» Problem requirements: Reproduce the listing in full, exactly as written, but without images.

» Record extracts:

# # #

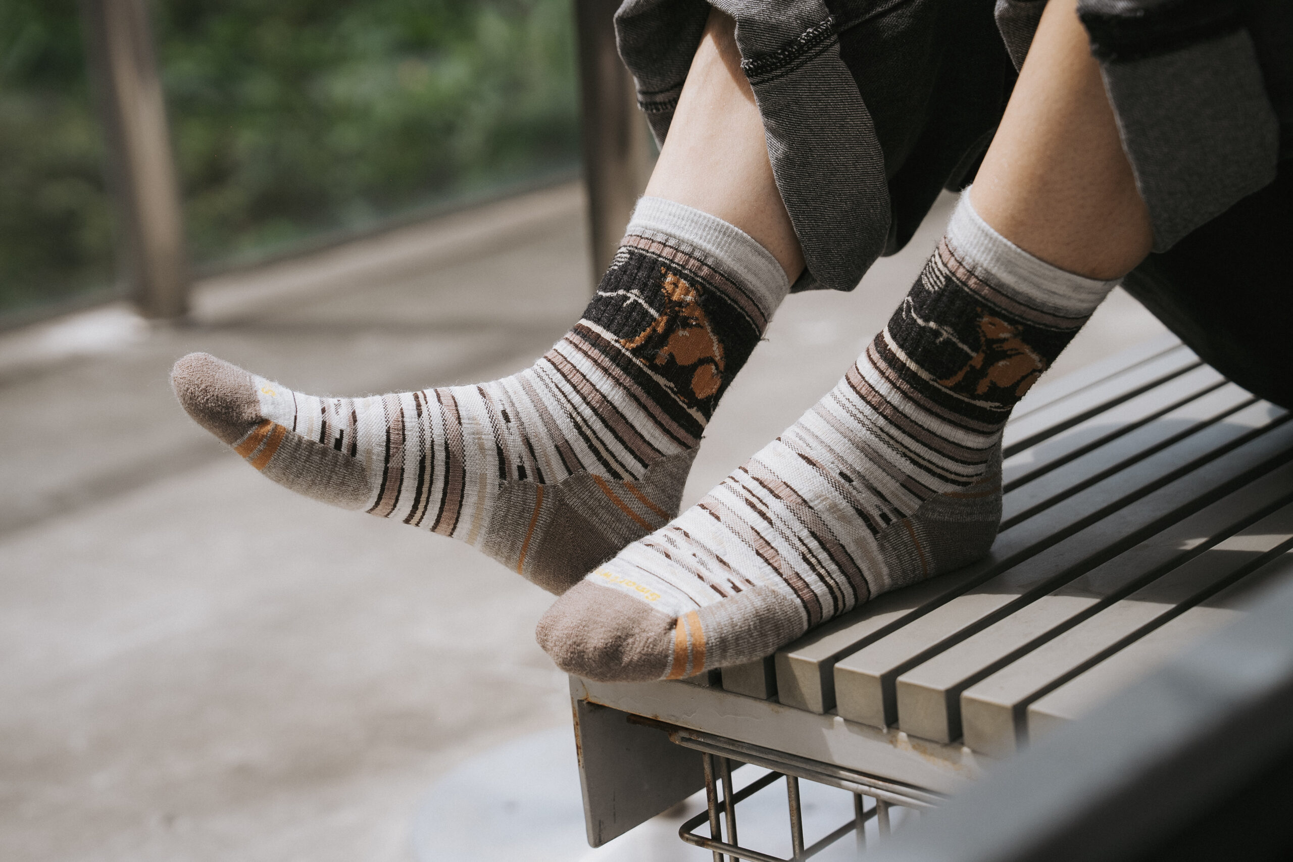 訪談過程中,Sara 一邊分享她的日常節奏,一邊把腳翹起來輕鬆晃動,腳上正是她這回最喜歡的單品之一,Smartwool 的機能戶外局部輕量減震中筒襪,以 54% 美麗諾羊毛、43% 尼龍與 3% 彈性纖維編織而成,不僅延續了羊毛的天然調溫與抑臭效果,還加入 4 Degree™ 四向彈力合腳系統 與 Indestructawool™ 耐磨科技,即便從山林轉換到日常生活,也能維持穩定貼合與耐穿度。
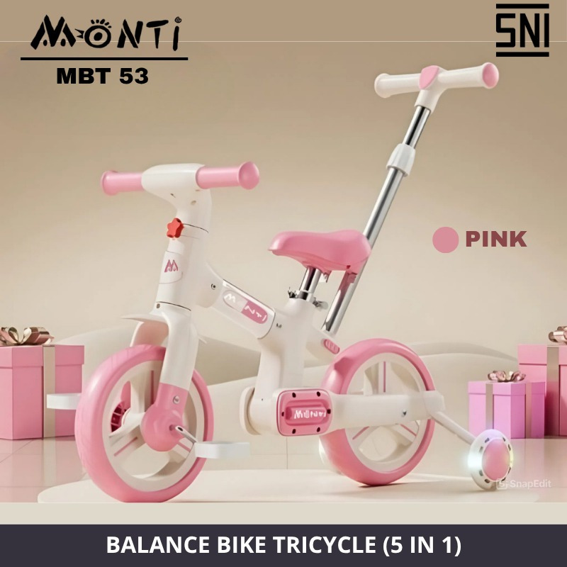 Monti Sepeda Anak Roda 2 Tricycle Balance Bike 5in1 Original MBT 53 - Sepeda Keseimbangan Pink Green Beige SNI
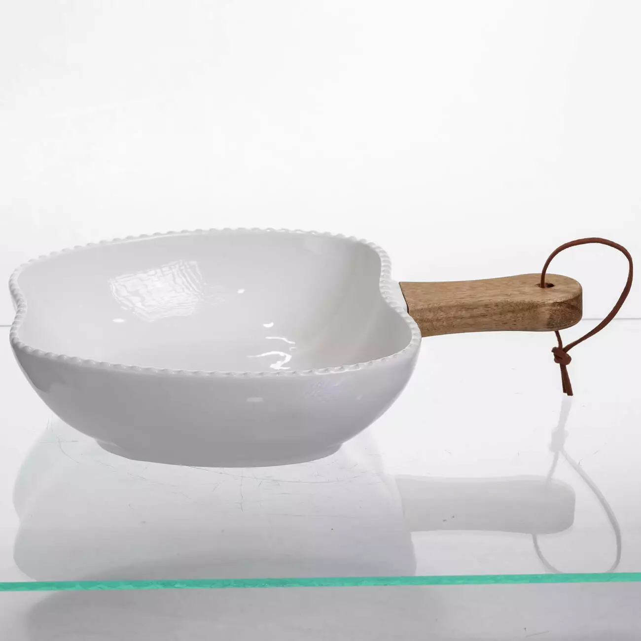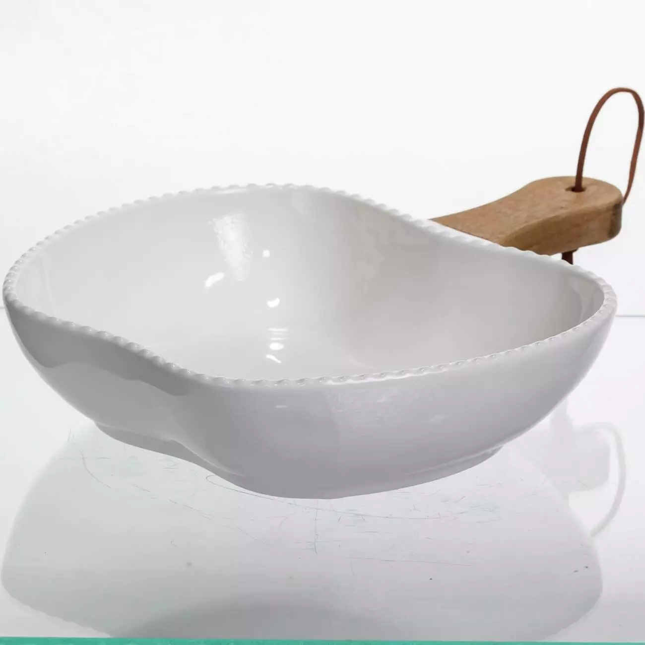 Миска сервірувальна порцелянова 700 мл з дерев'яною ручкою, білий
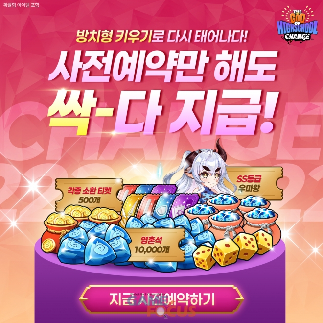 한편 ‘갓 오브 하이스쿨 체인지’는 구글플레이 스토어, 애플 앱스토어, 원스토어로 출시될 예정이며, 사전예약은 2월 25일부터 진행되며 모든 사전예약을 완료할 경우 SS 등급 캐릭터 랜덤 소환권, S 캐릭터 랜덤 선택권, 영혼석, 각종 소환 티켓 등 총 50만원 상당의 상품을 지급할 예정이다.
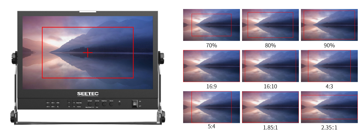 防止播放時掃描溢出,導(dǎo)致不該被切的畫面而被切掉。監(jiān)視器設(shè)有多種畫幅安全框標(biāo)記( 70%、80%、90%、16:9、16:10、4:3、5:4、1.85:1、2.35:1、自定義) 和拍攝標(biāo)記線和十字中心線。保障穩(wěn)定可靠的拍攝高效進行,滿足多樣化的后期裁剪需求。用戶可以根據(jù)不同拍攝背景色調(diào)靈活選擇標(biāo)記線顏色(黃色、青色、紫色、紅色, 綠色, 藍(lán)色, 黑色, 白色)。
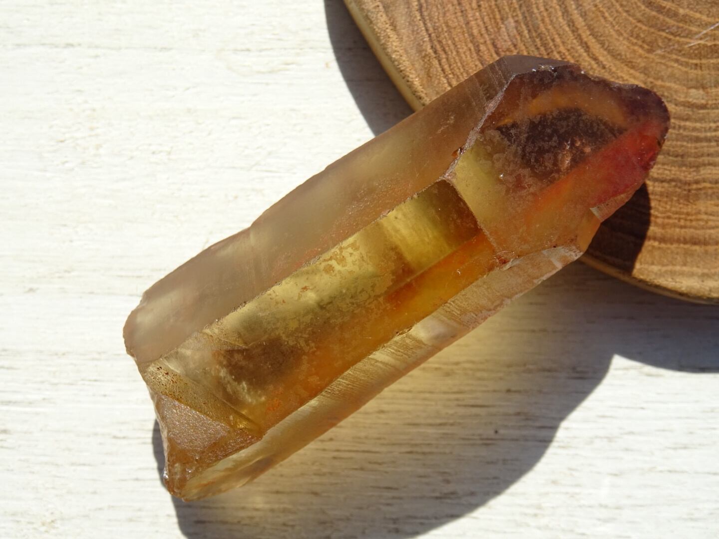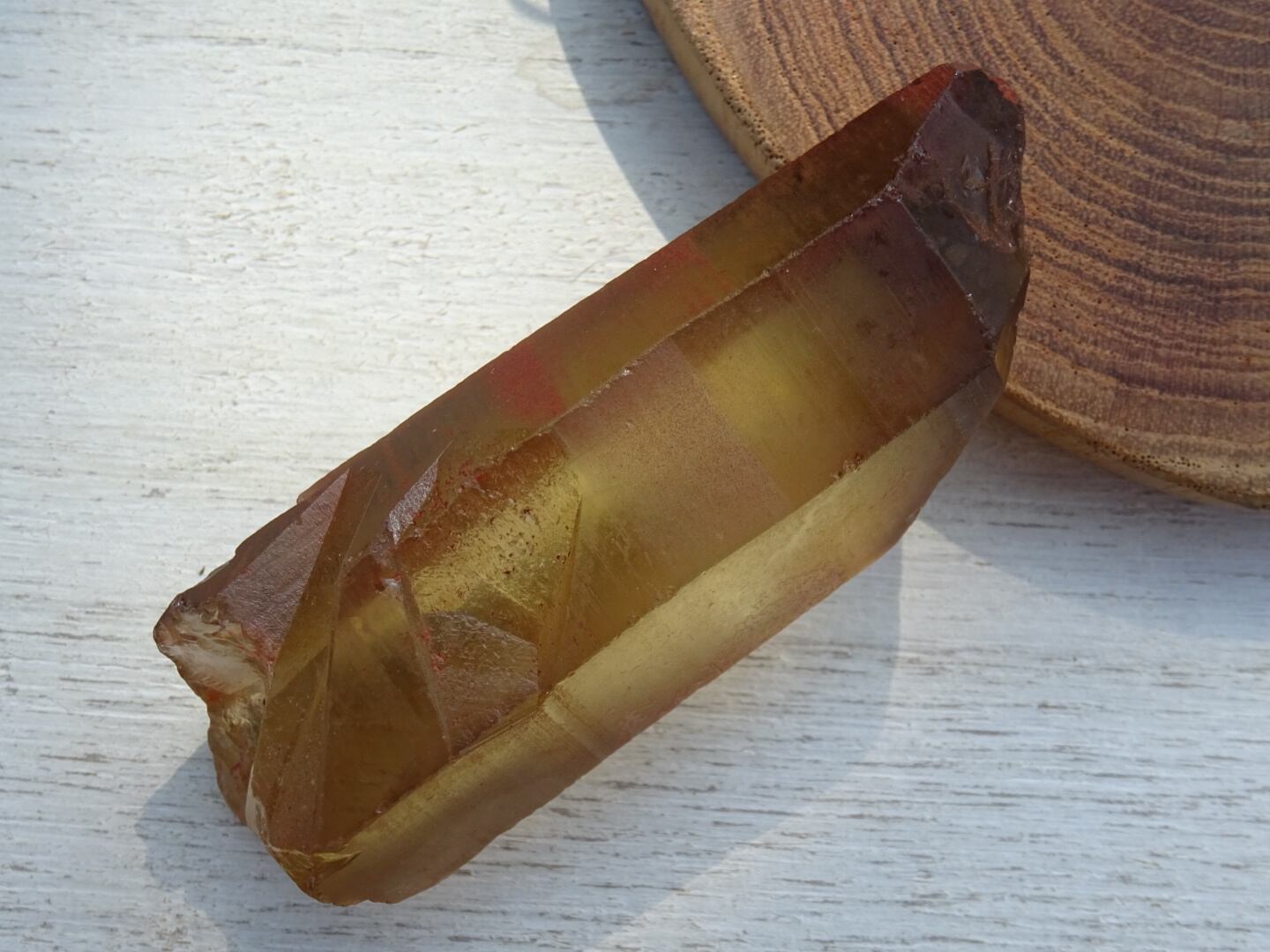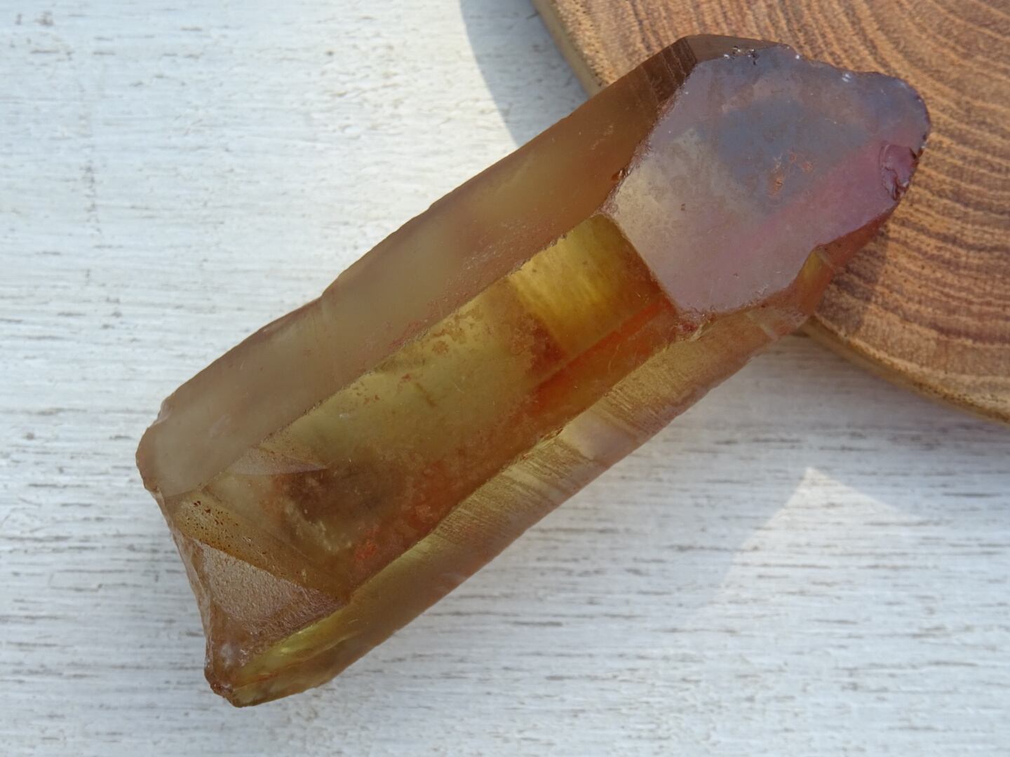 こちらはザンビアシトリンらしい濃いめの色合いもよく出ているのですが、+赤茶けた鉄分の付着でさらに濃度が増している印象。
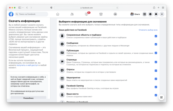 Чтобы скачать копию своих данных с фейсбука, воспользуйтесь соответствующим инструментом.
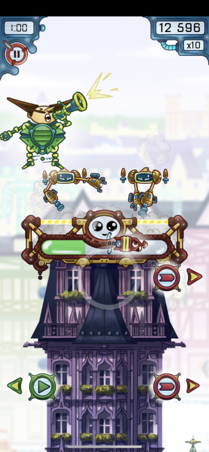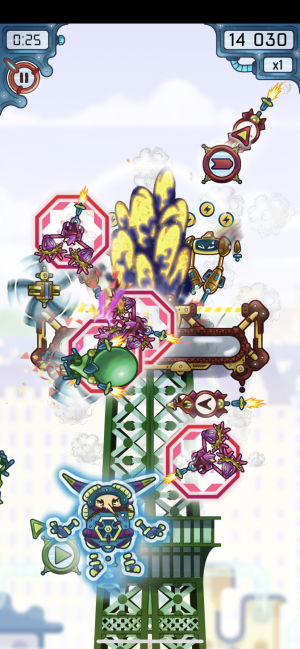 During construction, enemy robots inevitably appear, all of which you have to deal with in different ways. There are termite-like robots that gnaw away at your building meter unless you tap them a few times (to the beat, of course), rockets that you have to swipe to slice in half, and even enemies with shields you must disable through tapping on the off-beat before tapping on them directly. If these threats go unchecked, there's no way you'll be able to construct your building before the song ends, and you'll have to try again.

# # #

» Reply:
 訪談過程中,Sara 一邊分享她的日常節奏,一邊把腳翹起來輕鬆晃動,腳上正是她這回最喜歡的單品之一,Smartwool 的機能戶外局部輕量減震中筒襪,以 54% 美麗諾羊毛、43% 尼龍與 3% 彈性纖維編織而成,不僅延續了羊毛的天然調溫與抑臭效果,還加入 4 Degree™ 四向彈力合腳系統 與 Indestructawool™ 耐磨科技,即便從山林轉換到日常生活,也能維持穩定貼合與耐穿度。
 Monti Sepeda Anak Roda 2 Tricycle Balance Bike 5in1 Original MBT 53 - Sepeda Keseimbangan Pink Green Beige SNI
 Миска сервірувальна порцелянова 700 мл з дерев'яною ручкою, білий
 한편 ‘갓 오브 하이스쿨 체인지’는 구글플레이 스토어, 애플 앱스토어, 원스토어로 출시될 예정이며, 사전예약은 2월 25일부터 진행되며 모든 사전예약을 완료할 경우 SS 등급 캐릭터 랜덤 소환권, S 캐릭터 랜덤 선택권, 영혼석, 각종 소환 티켓 등 총 50만원 상당의 상품을 지급할 예정이다.
 防止播放時掃描溢出,導(dǎo)致不該被切的畫面而被切掉。監(jiān)視器設(shè)有多種畫幅安全框標(biāo)記( 70%、80%、90%、16:9、16:10、4:3、5:4、1.85:1、2.35:1、自定義) 和拍攝標(biāo)記線和十字中心線。保障穩(wěn)定可靠的拍攝高效進行,滿足多樣化的后期裁剪需求。用戶可以根據(jù)不同拍攝背景色調(diào)靈活選擇標(biāo)記線顏色(黃色、青色、紫色、紅色, 綠色, 藍(lán)色, 黑色, 白色)。
 こちらはザンビアシトリンらしい濃いめの色合いもよく出ているのですが、+赤茶けた鉄分の付着でさらに濃度が増している印象。
 Чтобы скачать копию своих данных с фейсбука, воспользуйтесь соответствующим инструментом.
 During construction, enemy robots inevitably appear, all of which you have to deal with in different ways. There are termite-like robots that gnaw away at your building meter unless you tap them a few times (to the beat, of course), rockets that you have to swipe to slice in half, and even enemies with shields you must disable through tapping on the off-beat before tapping on them directly. If these threats go unchecked, there's no way you'll be able to construct your building before the song ends, and you'll have to try again.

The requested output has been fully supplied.